Department of Orthopaedics, University Hospital Olomouc and Faculty of Medicine and Dentistry, Palacky University Olomouc, Czech Republic.
Department of Haemato-Oncology, University Hospital Olomouc and Faculty of Medicine and Dentistry, Palacky University Olomouc, Czech Republic.
Biomed Pap Med Fac Univ Palacky Olomouc Czech Repub. 2020 Jun;164(2):168-176. doi: 10.5507/bp.2019.034. Epub 2019 Sep 16.
We assessed various ways of tranexamic acid (TXA) administration on the fibrinolytic system. Blood loss, transfusions, drainage and haematoma were secondary outcomes.
In this prospective study, we examined 100 patients undergoing primary total knee arthroplasty (TKA) between June and November 2018. Patients were randomly assigned to 4 groups according to the following TXA regimens: 1) loading dose 15 mg TXA/kg single intravenous administration applied at initiation of anesthesia (IV1); 2) loading dose 15 mg TXA/kg + additional dose 15 mg TXA/kg 6 h after the first application of TXA (IV2); 3) IV1 regime in combination with a local wash of 2 g of TXA in 50 mL of saline (COMB); 4) topical administration of 2 g of TXA in 50 mL of saline (TOP).
Systemic fibrinolysis interference was insignificant in all of the regimens; we did not detect significant differences between IV1, IV2 and COMB in the monitored parameters within the elapsed time after the TKA; IV regimes had the lowest total drainage blood loss; the lowest blood loss was associated with the IV1 and IV2 regimens (IV1, IV2 < COMB < TOP); the lowest incidence of haematomas was in patients treated with TXA topically (i.e., in COMB + TOP).
The largest antifibrinolytic effect was associated with intravenous administration of TXA. In terms of blood loss, intravenously administered TXA can interfere with the processes associated with the formation of the fibrin plug more efficiently than the simple washing of wound surfaces with TXA.
我们评估了氨甲环酸(TXA)不同给药方式对纤溶系统的影响。
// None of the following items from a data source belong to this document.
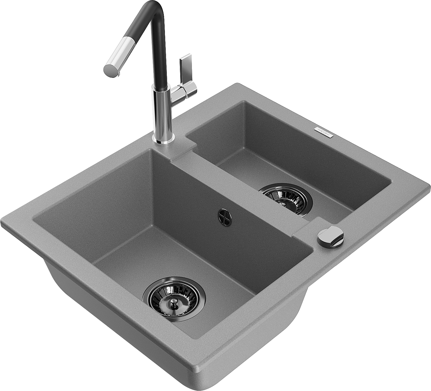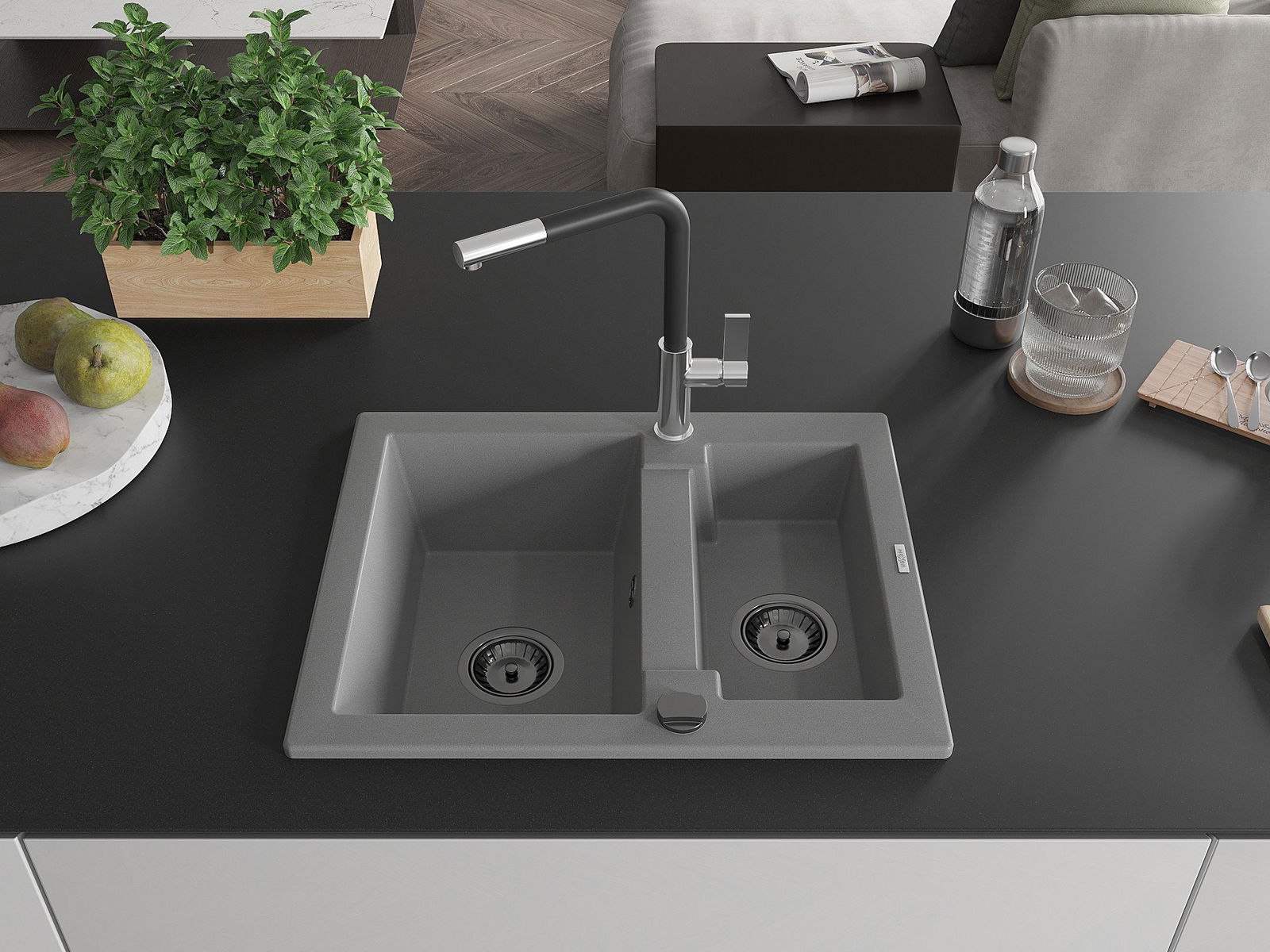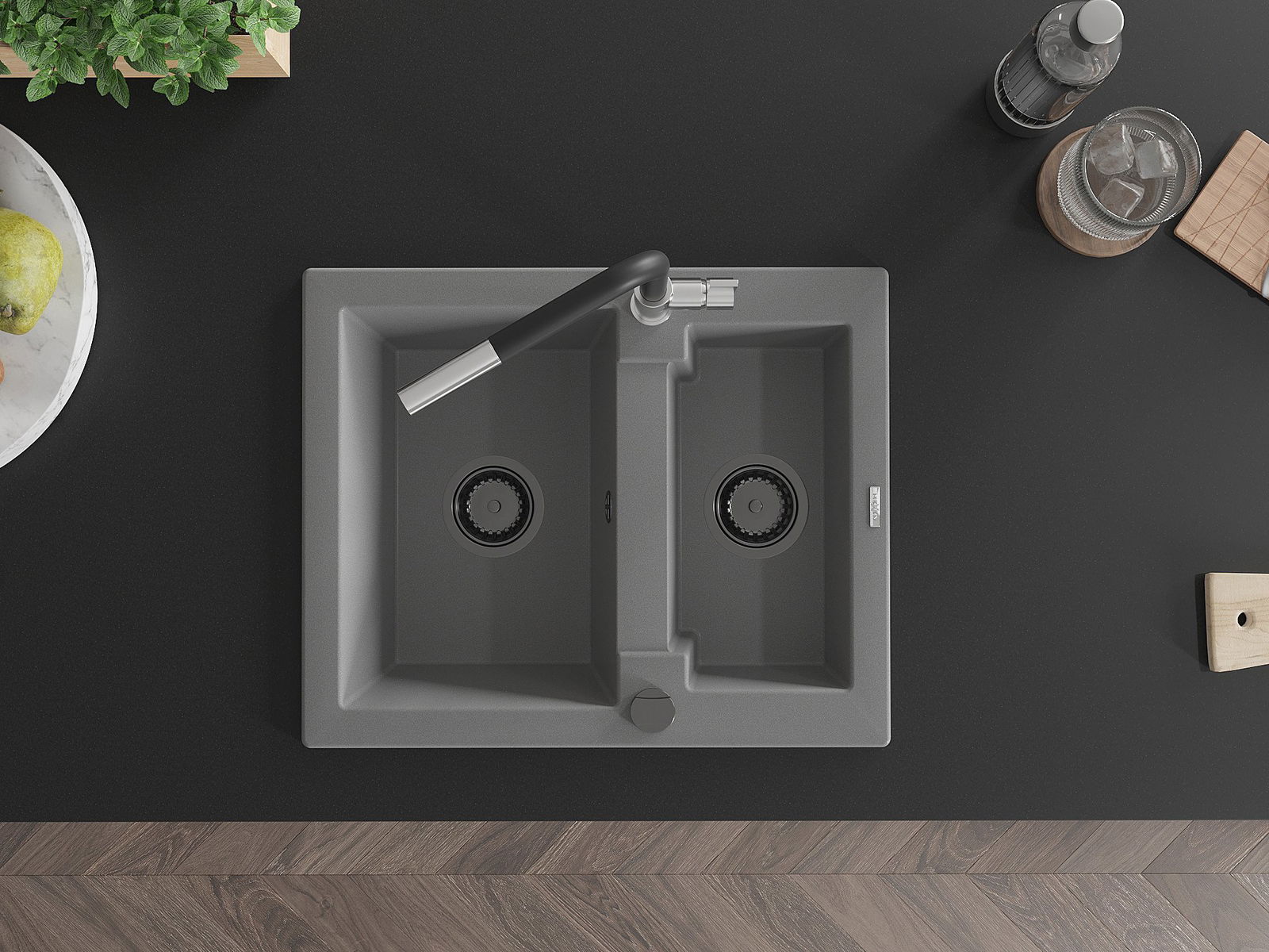 Mexen Carlos évier en granit 1,5 bac avec robinet de cuisine Flora, gris - 6518-71-670401-07-B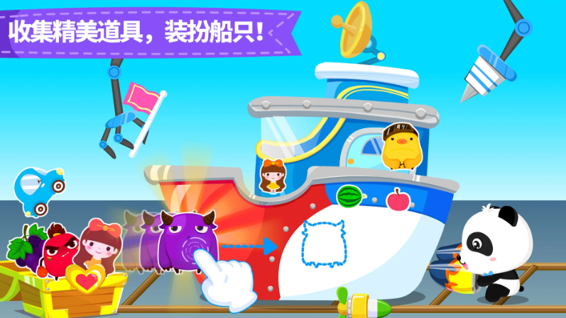 游戏融合舰船设计、任务协作与情境叙事三大模块。儿童可通过简易组件拼装个性化战舰,参与多人协作式航行任务,在过程中理解分工、互助与责任概念;剧情设定融入友善、守约、助人等正向价值引导。整体采用明亮卡通海洋风格,动态水体与光影效果增强沉浸感,兼顾趣味性与早期社会性启蒙目标。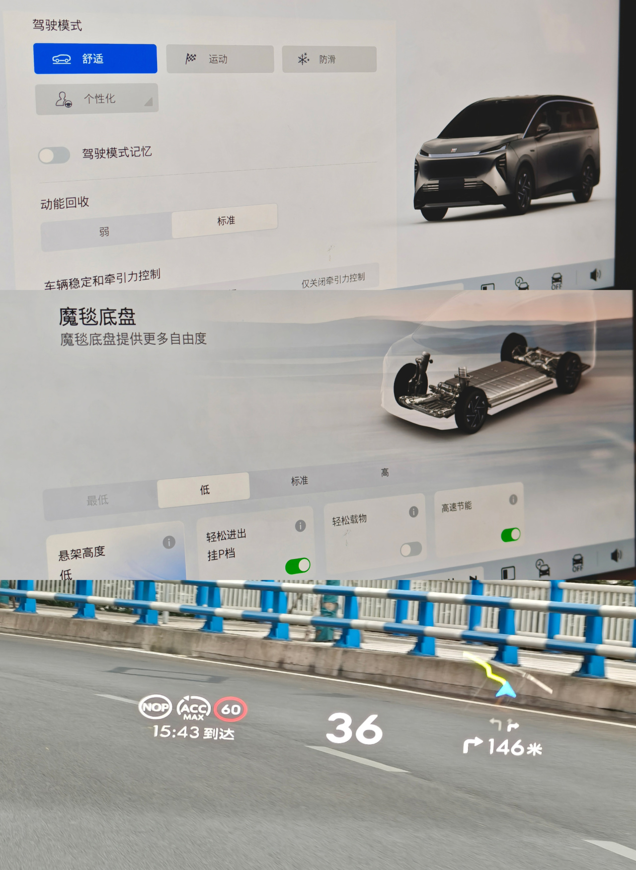 当然,我最喜欢的还是在进入自定义模式后,能把悬架阻尼单独设置为“标准”——这反而是至境世家纯电版的“最佳状态”。避震阻尼既不会过软,也不会过硬影响到后排乘客的舒适性,属于兼顾了驾驶者操控需求与后排乘坐感受。反观许多MPV车型上的舒适模式,过于强调对路面的隔绝感,把避震阻尼放得太软,反而会导致车身姿态不够干脆,从而导致乘客出现晕车的情况。
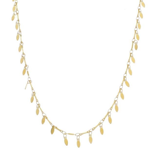 Colar 60cm corrente de palitos com pingentes em formato de navete. Produto no bruto.Produtos no bruto não passaram pelo processo de galvanoplastia, o banho. Falta em sua superfície a camada de metais preciosos como ouro, prata e ródio.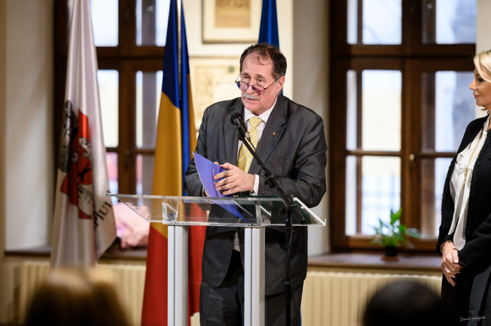Partea a doua a avut loc în sala de festivități a Societății de Medici și Naturaliști, unde amfitrion a fost președintele SMN, prof. univ. dr. Viorel Scripcariu. „Acest edificiu, încărcat de istorie, este locul unde s-a decis candidatura lui Alexandru Ioan Cuza la domnia Moldovei, un moment pivot în conturarea destinului național. De asemenea, aici își are sediul Societatea de Medici și Naturaliști Iași, prima societate științifică modernă de tip european din Țările Române și cea mai veche societate din Europa Orientală”, a subliniat prof. univ. dr. Viorel Scripcariu, rectorul Universității de Medicină și Farmacie „Grigore T. Popa” din Iași și președinte al SMN. Rectorul Universității a vorbit despre „triunghiul sacru”: Spitalul Sf. Spiridon, Facultatea de Medicină și Societatea de Medici și Naturaliști, constituită în Iași în anul 1830, și care s-a manifestat complex și pe multiple planuri în viața spirituală a epocii. „Activitatea societății a fost uneori sinusoidală, dar în succesiunea de evenimente și acțiuni de-a lungul vremii, ideea de continuitate a mesajului de dezvoltatea socială este pregnantă, ea fiind legată de numele ctitorilor și al unei serii de intelectuali de marcă, din care îi amintesc pe Iacob Czihak, Gheorghe Asachi (trebuie amintit că în casele acestuia s-au ținut cele dintâi ședințe ale societății), Gheorghe Cuciureanu, Mihail Zotta, Grigore Cobâlcescu, Anastasie Fătu, Emanoil Riegler, Grigore T. Popa sau Ioan Enescu. De numele acestora este legată ideea amintitului mesaj, nu doar științific, nu doar medical, ci și al celui socio-cultural.”, a mai explicat prof. univ. dr. Viorel Scripcariu.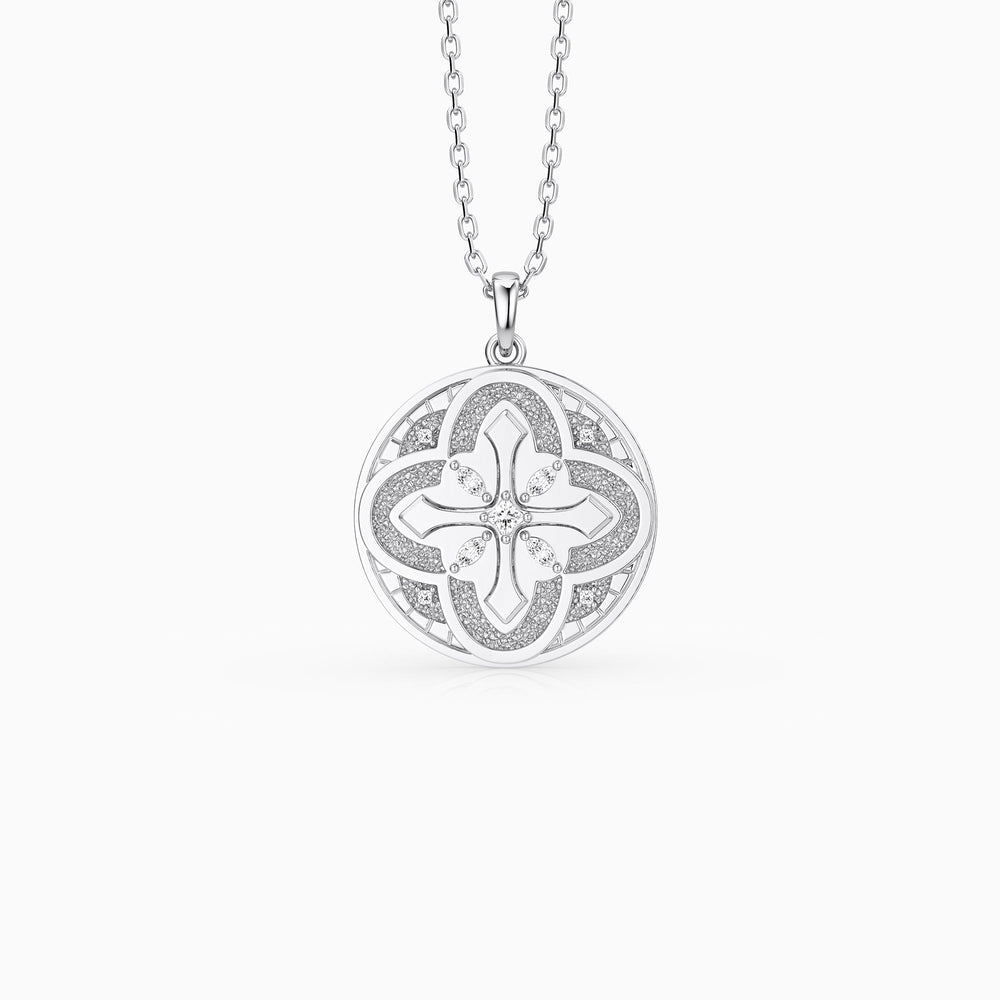 This radiant medallion draws inspiration from the iconic dome of St. Patrick’s Cathedral in New York City—a symbol of divine grandeur rising above the everyday. The intricate quatrefoil cross at the center reflects the harmony of sacred geometry, while the circular frame evokes completeness, eternity, and celestial protection.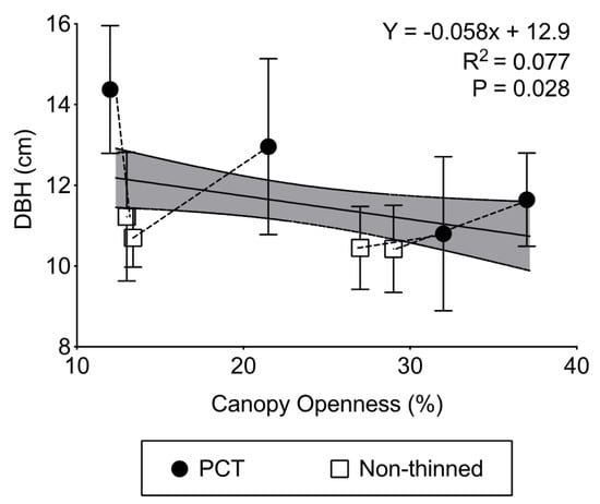 Results of linear regression analysis testing the relationship between canopy openness and mean diameter at breast height (DBH) in Abitibi clay plots. Only Abitibi clay plots are shown because differences in canopy openness values between PCT and control plots on the other two site-types varied by less than 2%. Solid circles and white squares represent the mean DBH (n = 8) of PCT and non-thinned plots, respectively, on each of 8 plots. PCT and non-thinned plots from the same site are linked by dashed lines. The linear regression model includes all 64 data points (see Supplementary Data File—S1). The grey shaded area represents the 95% confidence interval of the predicted regression slope. Vertical lines represent the standard error of DBH within sites.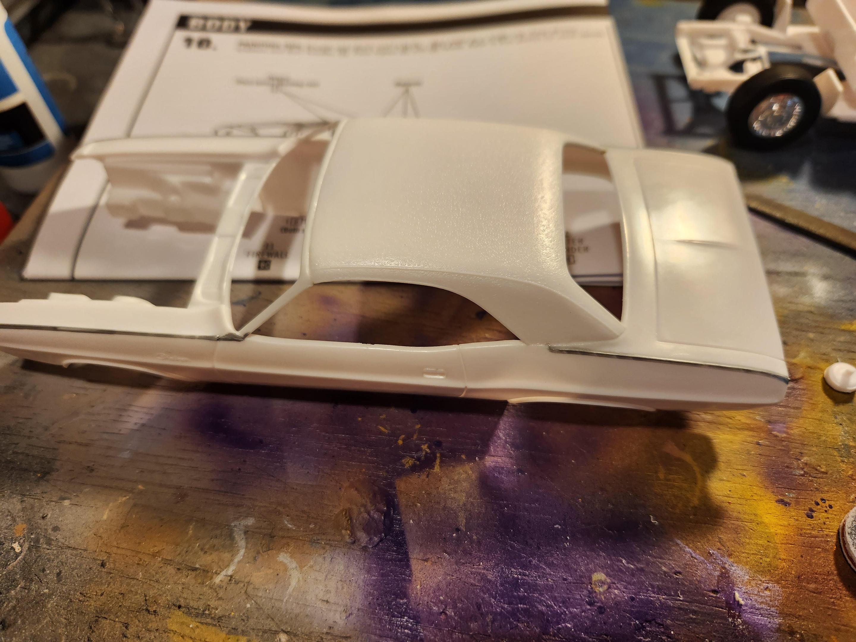 Completing the basic white glue build up, I worked on seam lines and other odds and ends. The roof was glued to the front first, then the c pillers, checking position with the rear window. So far the kit is as good as any other AMT, now I've got to wait for the Hart's Parts conversion and the VCG Chrysler LA. See you all soon!- 14 replies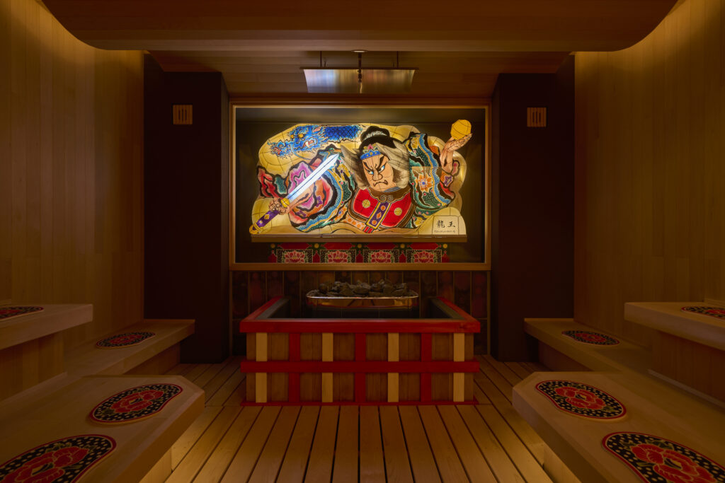 サウナヒーターは、フィンランド発祥の世界的サウナ&スパブランド「HARVIA」製を採用。囲いには、青森ねぶた祭の山車を曳く際に握る持ち手をイメージした紅白のデザインを施し、山車が目の前に迫るような臨場感を演出する。サウナ内には祭囃子が流れ、その盛り上がりに合わせてオートロウリュが作動。熱と蒸気が一気に押し寄せ、ねぶた祭さながらの熱気を体感できる構成となっている。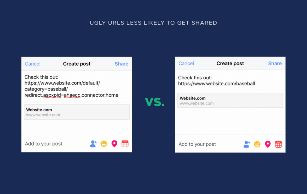 丑陋的URL不太可能在社交媒体和在线社区(如Reddit)上被点击和分享。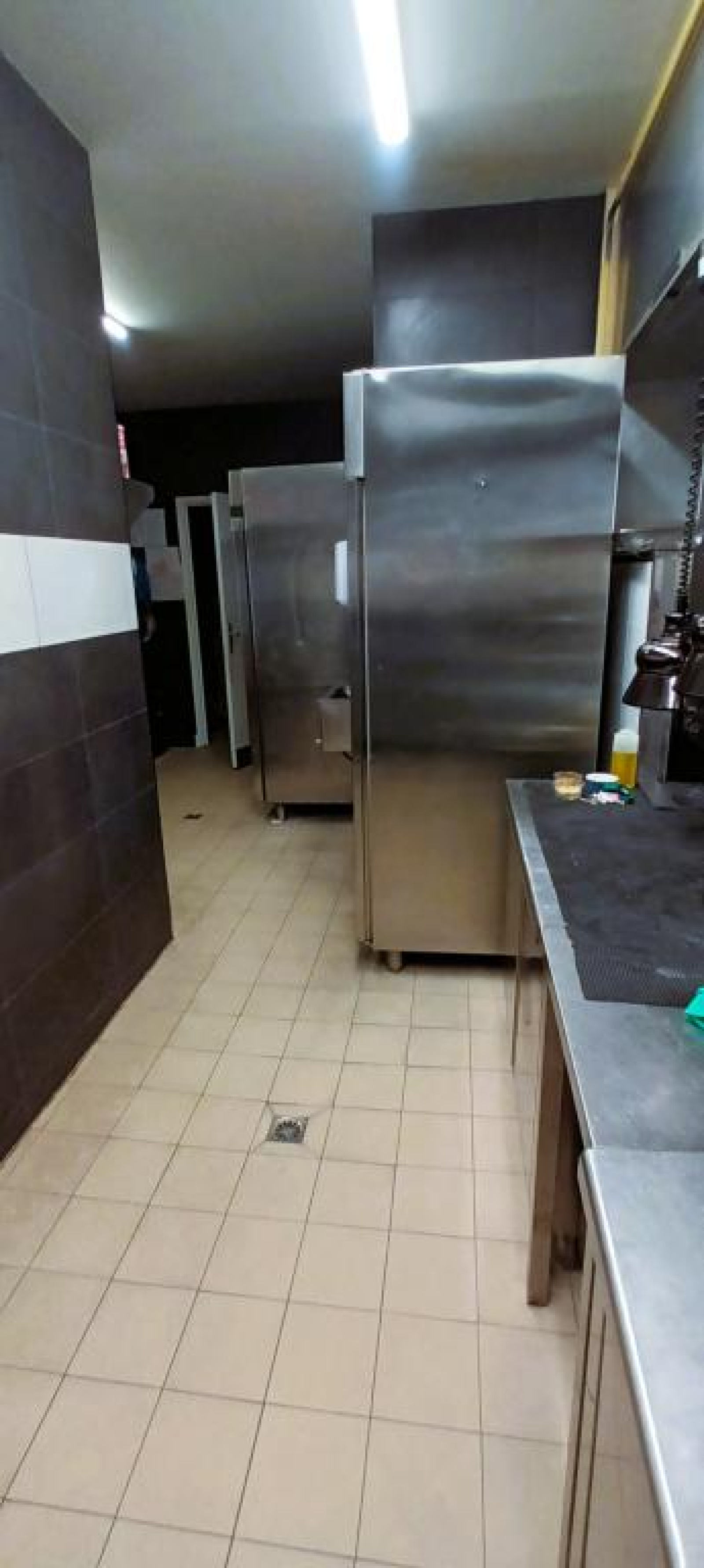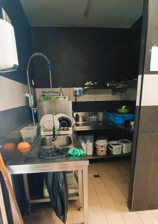 Elle est équipée d’une hotte, d’un piano central, 6 feux avec gaz de ville, plancha, four, meubles réfrigérés en positif et négatif et une plonge a part avec un lave-vaisselle et des étagères murales en inox.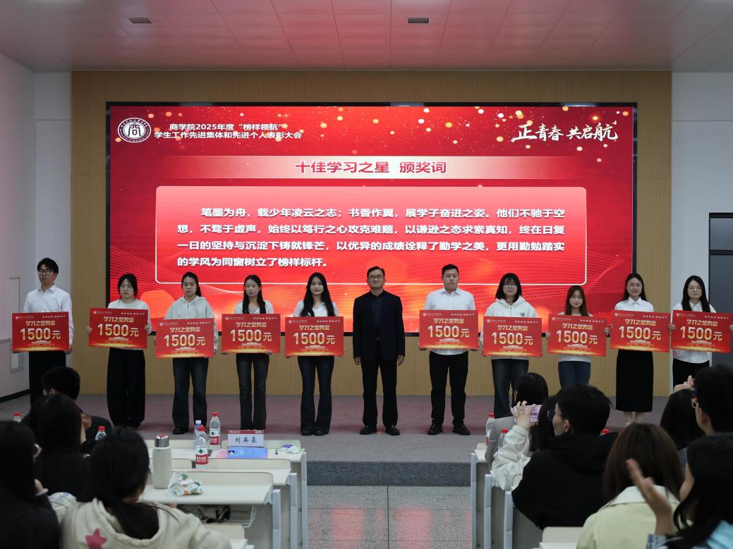 4月8日下午,商学院在树蕙堂举行“正青春 共启航”2025年度“榜样领航”学生工作表彰大会。学院领导班子成员、全体专兼职辅导员、获奖及学生代表参加会议。

失血、输血、引流和血肿为次要结果。
在这项前瞻性研究中,我们检查了 2018 年 6 月至 11 月期间接受初次全膝关节置换术(TKA)的 100 例患者。患者根据以下 TXA 方案随机分为 4 组:1)麻醉开始时单次静脉注射 15mg/kg 负荷剂量 TXA(IV1);2)首次应用 TXA 后 6 小时给予 15mg/kg 负荷剂量 TXA+额外 15mg/kg 剂量(IV2);3)IV1 方案联合局部冲洗 2g TXA 于 50ml 生理盐水(COMB);4)局部应用 2g TXA 于 50ml 生理盐水(TOP)。
所有方案均未观察到系统性纤溶干扰;在 TKA 后监测的参数在经过的时间内,IV1、IV2 和 COMB 之间没有观察到显著差异;IV 方案的总引流失血量最低;与 IV1 和 IV2 方案相比,IV 方案的失血量最低(IV1、IV2<COMB<TOP);局部应用 TXA 的患者(即 COMB+TOP)血肿发生率最低。
静脉应用 TXA 的抗纤溶效果最大。就失血而言,静脉内给予 TXA 比单纯用 TXA 冲洗创面更能有效地干扰与纤维蛋白塞形成相关的过程。